[EM] Why Not Condorcet?
Abd ul-Rahman Lomax
abd at lomaxdesign.com
Mon May 17 08:28:17 PDT 2010
At 10:12 PM 5/16/2010, Dave Ketchum wrote:
>On May 16, 2010, at 6:11 PM, Abd ul-Rahman Lomax wrote:
>>At 02:16 PM 5/16/2010, Dave Ketchum wrote:
>>>On May 16, 2010, at 9:24 AM, Abd ul-Rahman Lomax wrote:
>>>>At 06:34 PM 5/15/2010, Dave Ketchum wrote:
>>>>>>Some objections to Condorcet could be:
>>>>>>1. It is not expressive enough (compared to ratings)
>>>>>Truly less expressive in some ways than ratings.
>>>>> This is balanced by not demanding ratings details.
>>>>> And more expressive by measuring differences between each pair
>>>>>of candidates.
>
>The base topic is Condorcet. It would take a book to respond to all
>your extensions such as IRV. Likewise I see no benefit in adding
>Borda - Range/score is an adequate source for ratings.
Dave, you apparently don't understand a good deal of what you read.
That's okay, take your time.
My point was about your use of "demanding ratings details," which is
not intrinsic to range methods. In particular, I've been pointing
out, Borda is a ranked method that is a Range method, and it becomes
full range if the method simply allows one to equal rank any two (or
more) candidates without disturbing the points given to other candidates.
The most fully expressive ballot is a Range ballot, of course, and
the higher the resolution, the higher the allowed expression.
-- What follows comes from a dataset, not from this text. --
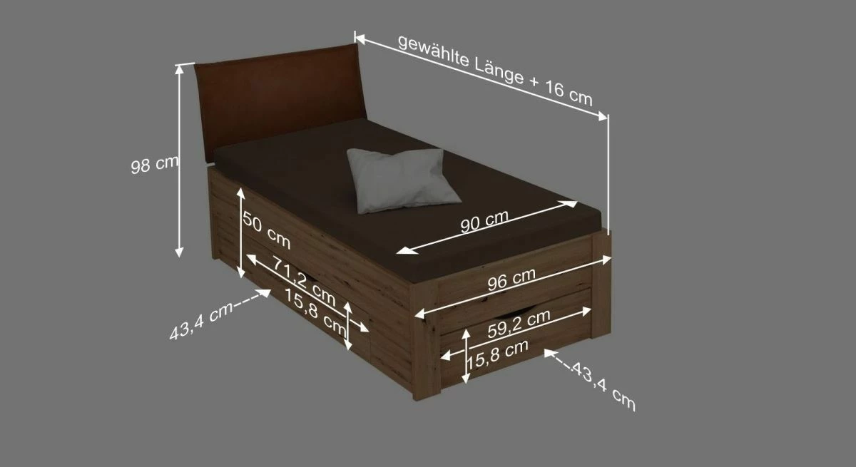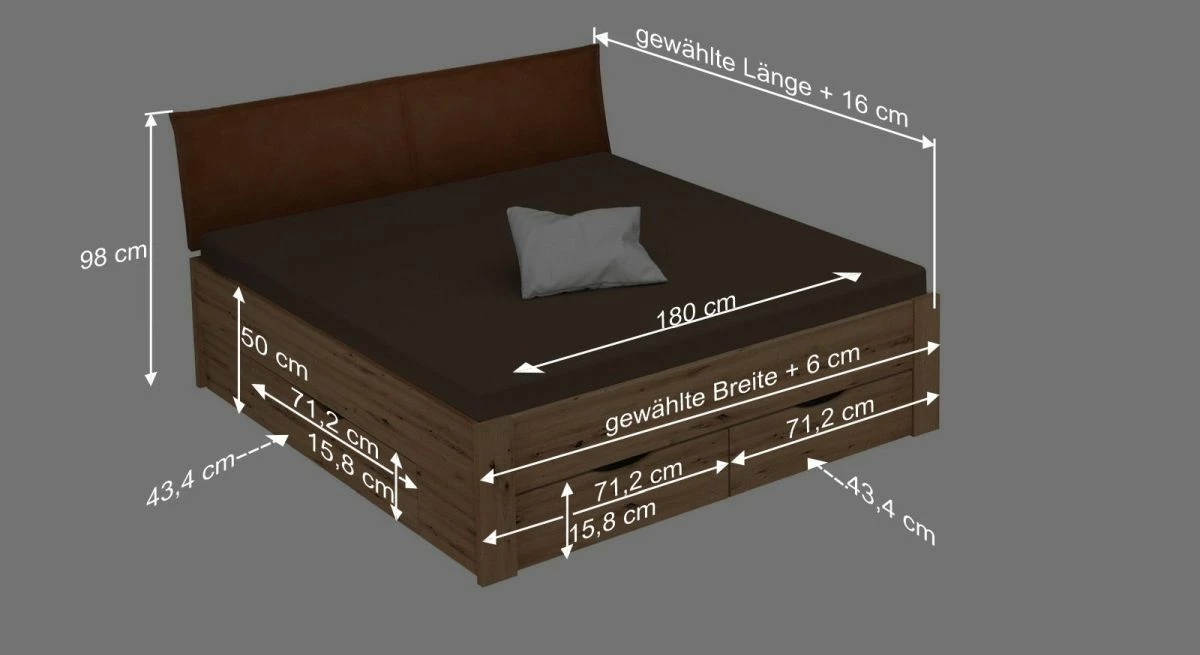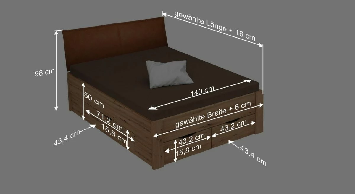 Breite + 6 cm - Kopfteilhöhe: 98 cm

The simplest way to understand this is through this progression:
Plurality. Vote for one, candidate with the most votes wins.
Approval. Vote for one or more, candidate with the most votes wins.
Range. Vote for one or more, fractional votes allowed, candidate with
the most votes wins.
What distinguishes Range from Ranked methods is the allowance of
fractional votes. However, once it is possible to vote fractions, and
particularly if the resolution (fractional increment) is fine enough,
a Range ballot can fully express ranking, which is a Range ballot
interfaces with a ranked ballot. Borda is a range method that is a
ranked method, and the connection is that the number of unique
ratings is equal to the number of candidates, thus a Borda ballot has
adequate resolution; however, typically, Borda ballots prohibit
assigning the same rating to more than one candidate, and all ratings
are assigned or the vote is diluted. If overvoting and empty ranks
are allowed, Borda is simply Range (N-1), where N is the number of candidates.
> I used care in
>mentioning ranking to avoid complications such as you add - and
>clearly included equal ratings and rankings. Your extensions could be
>useful if they contributed value, but not if they just complicate.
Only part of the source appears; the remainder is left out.